WINNIPEG — A movement is calling for the cancellation of all Canada Day celebrations in the wake of the discoveries of unmarked graves at former residential school sites.
Gerry Shingoose, a residential school survivor, took to Twitter to call out the celebrations earlier in June.
“I’m asking that you wake up,” Shingoose, who was wearing a shirt reading ‘CancelCanadaDay,’ said in a video posted to social media.
“I’m going to be wearing it on Canada Day. It’s Cancel Canada (Day) and no pride in genocide.”
Cities in New Brunswick have cancelled plans and earlier this month Victoria did the same.
In Manitoba, the Shamattawa First Nation is going one step further.
“I don’t think this year is a year to celebrate,” said Shamattawa Chief Eric Redhead.
Redhead said his community will not celebrate Canada Day, as a way to honour the children who never made it home from the residential schools. All Canadian flags in the community have been taken down.
“Those flags that we’ve taken down will not go back up as long as I’m Chief—until the government recognizes the residential school system as an act of genocide.”
Prime Minister Justin Trudeau spoke about Canada Day Friday.
“I think all of us need to aspire and work hard to get to the point where everyone across this country will be able to celebrate fully,” said Trudeau.
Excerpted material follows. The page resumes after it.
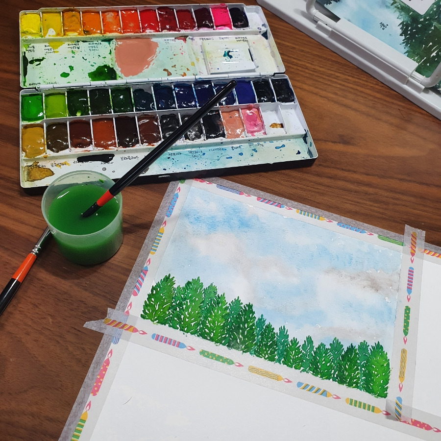 자연의 선들과 색은 단조로운 선 몇 개와 몇 가지 색만으로도 표현이 가능하지만... 사람의 형체는 단순하게 표현하기도 어렵고 특히나 인물들의 얼굴 표정은 정말 어렵더라고요.

Premier Brian Pallister said people should dedicate themselves to reconciliation, but not by stopping Canada Day festivities.
“I don’t think denying Canada Day celebrations is a respectful way for us to move forward,” Pallister said. “I think we should celebrate our country but celebrate it with its warts too.”
Winnipeg Mayor Brian Bowman said he will celebrate Canada Day with his family, but not without reflection.
“I’ll also be taking a moment to pause and reflect on how we can strengthen our community and live up to those ideals that we all hold dear,” said Bowman.